#### TASK REQUIREMENTS:
In the records below, find the line that contains "Yellow Diamond Halo Ring in 14k Gold" and the line that contains "Стержень шариковый Cross"; write out exactly those two lines and everything between them, without the pictures.

:: RECORDS FOR THE TASK

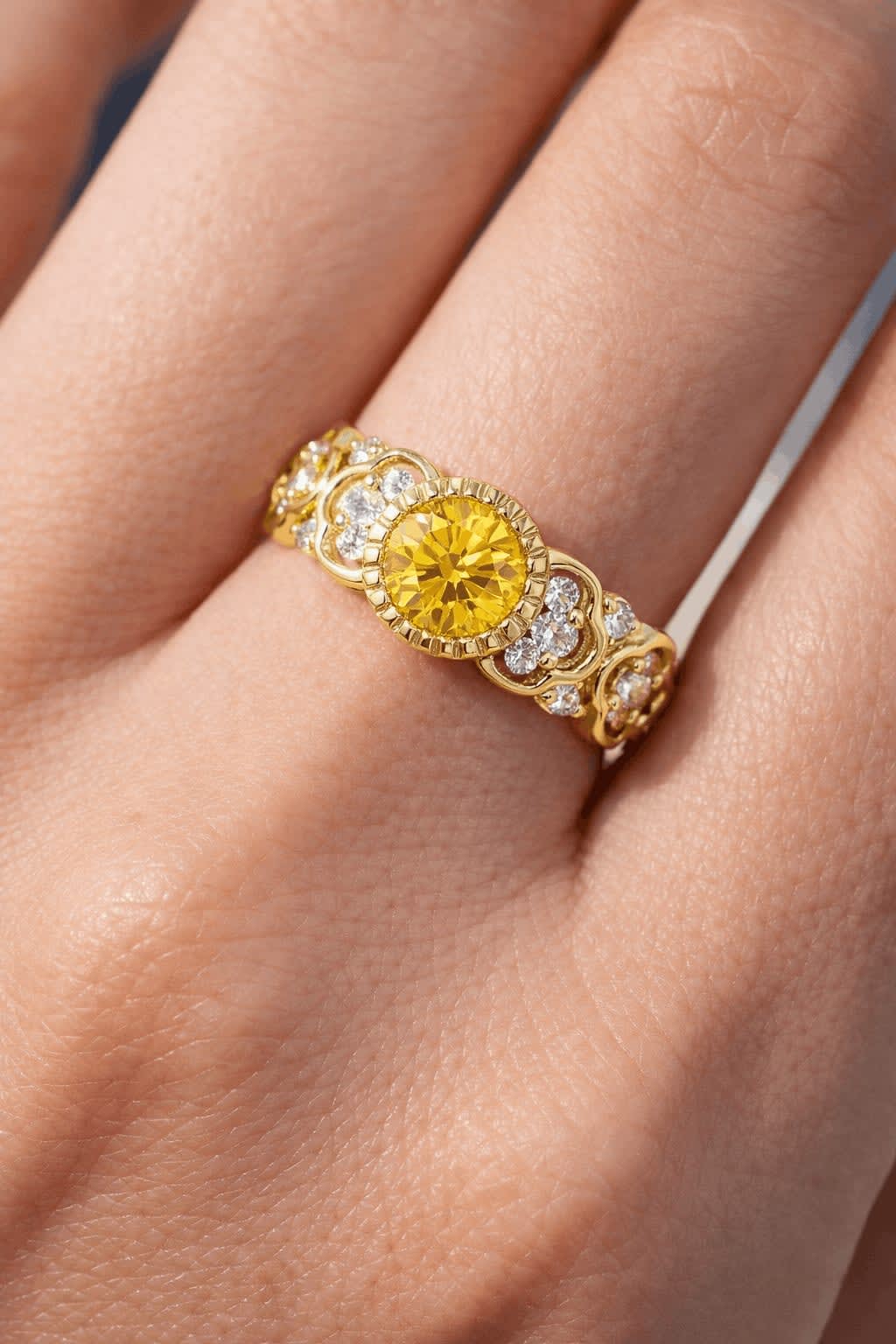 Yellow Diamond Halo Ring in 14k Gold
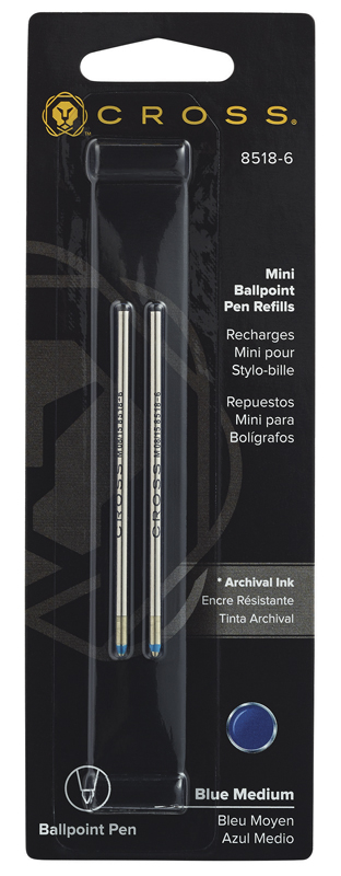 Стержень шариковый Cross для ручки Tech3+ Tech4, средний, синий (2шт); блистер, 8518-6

::::
:: RECORDS FOR THE TASK

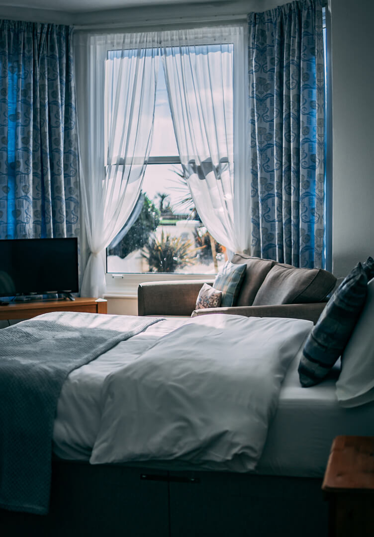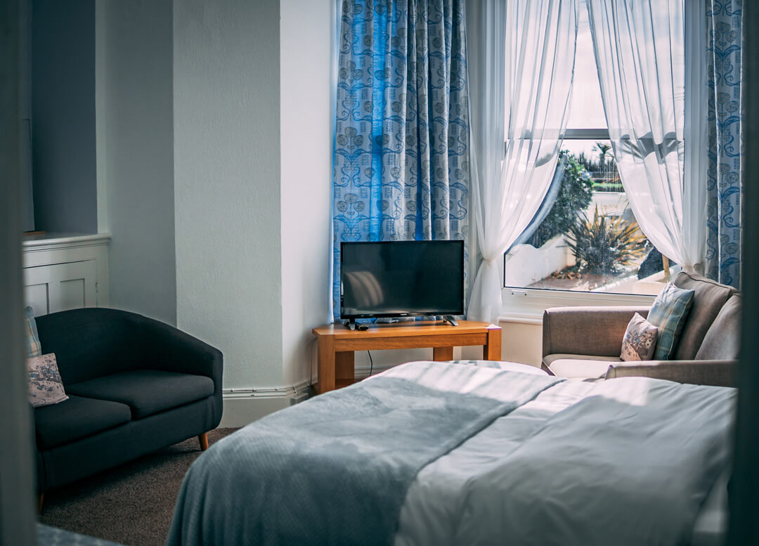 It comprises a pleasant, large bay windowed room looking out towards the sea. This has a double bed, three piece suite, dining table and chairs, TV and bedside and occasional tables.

::::

#### TASK ANSWER:
 Yellow Diamond Halo Ring in 14k Gold
 Стержень шариковый Cross для ручки Tech3+ Tech4, средний, синий (2шт); блистер, 8518-6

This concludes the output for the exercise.